В последней электричке, на которой мы ехали до станции «Калуга-1», было пусто и холодно. Залезли мы туда без билетов — на вокзале тогда не было турникетов, сдерживающих заячий пассажиропоток. Саша Петров, утомленный собственным смелым поступком, сразу уснул. Денис смотрел в окно, он был счастливым и задумчивым.

Перед последней остановкой поэта пришлось разбудить. Он не сразу понял, куда его занесла судьба, а осознав, вздохнул и улыбнулся.

— Ты действительно ей так и сказал: Марья Иванна, примите как факт? — вдруг вспомнил Денис.

— Ну да…

Нас охватили конвульсии смеха. Петров долго крепился, но и он не выдержал. Мы сошли с электрички, как дебилы, зажимая рты, с трясущимися от смеха плечами, и все повторяли фразу «Марья Иванна, примите как факт». Успокоиться не могли долго.

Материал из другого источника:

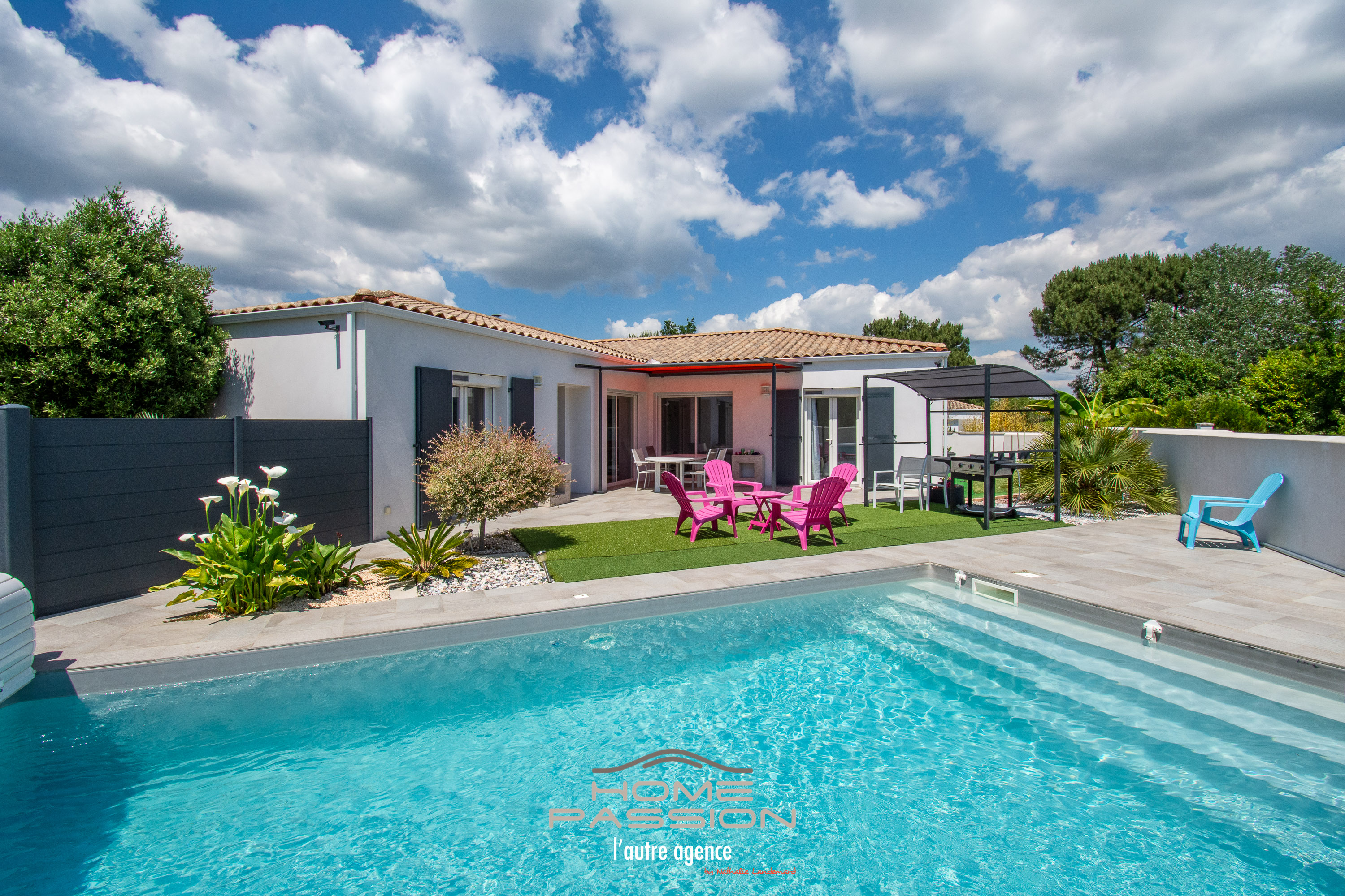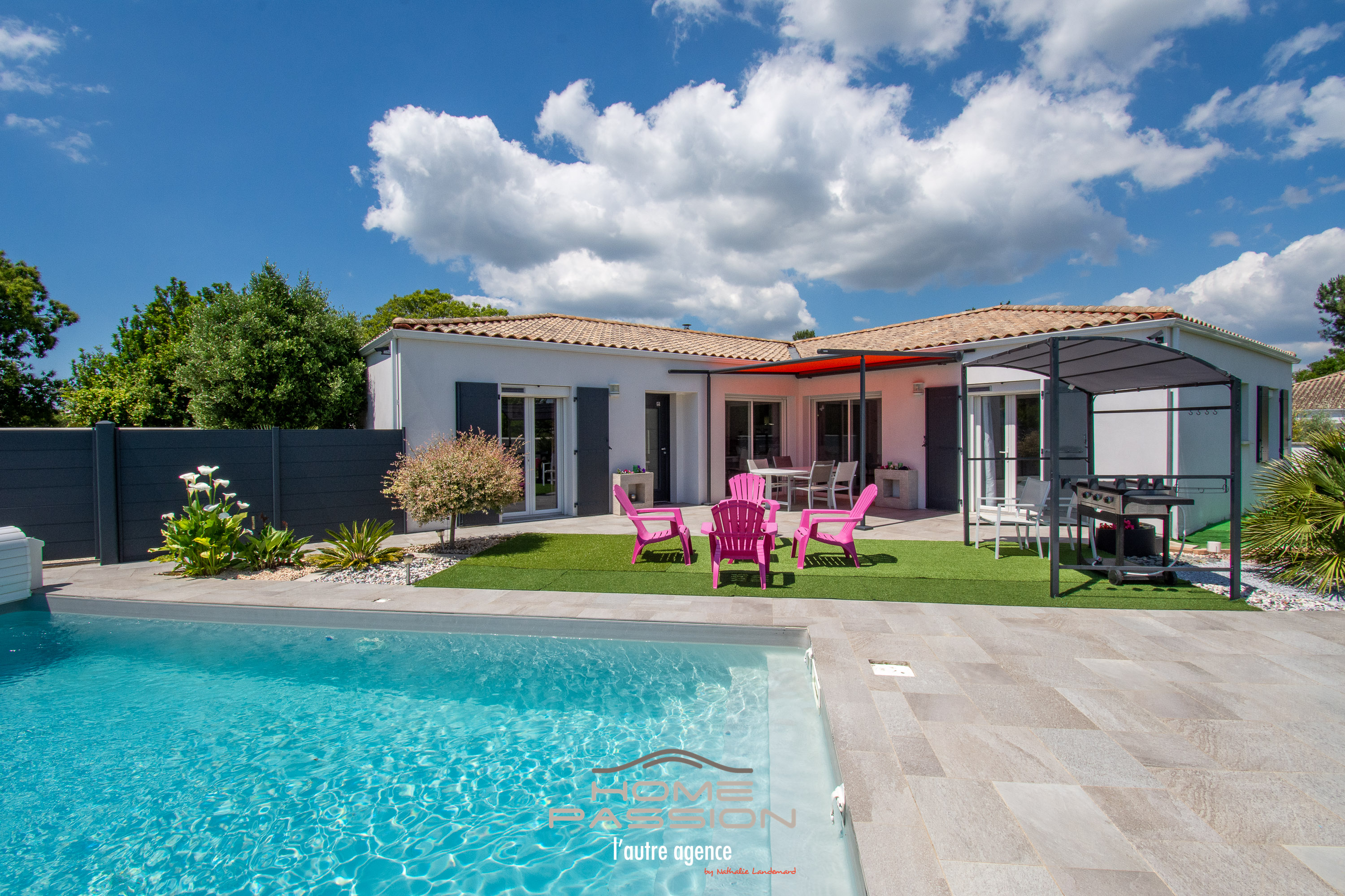 ST AUGUSTIN/MER - MAISON FAMILIALE RECENTE DE PLAIN PIED AVEC PISCINE - EXCLUSIVITE - Située au calme, à 1300m des commerces de proximité, Home Passion vous présente cette maison de plain pied de 2015 pour 139m2 habitables sur un terrain entièrement clos de 502m2 avec piscine chauffée sécurisée 7X4. Comptant 4 chambres dont une suite parentale complète avec dressing et salle d'eau privative complétées par une grande salle de bain et 2WC, l'espace de vie de 64m2 de cette maison avec sa cuisine ouverte entièrement équipée est parfaitement en adéquation avec sa capacité d'accueil. Une arrière-cuisine tout aussi bien équipée complète ses prestations. Côté jardin, on profitera de la piscine et de ses installations avec des espaces détente. Un garage, un chalet en bois assurent la partie rangement, ainsi qu'une aire de stationnement pour plusieurs véhicules. Plus de photos et de détails sur le site de l'agence Home Passion. Dont honoraires 3,95% à la charge de l'acquéreur.

Уже встретили группу строго посмотревших на нас путейцев, уже женщина в малиновом пальто шарахнулась от нас на другую сторону тротуара, уже к нам, хохочущим, подошел блюститель порядка и попросил предъявить документы.

— Куда едем? — уточнил он, делая вид, что очень заинтересован нашими студенческими билетами.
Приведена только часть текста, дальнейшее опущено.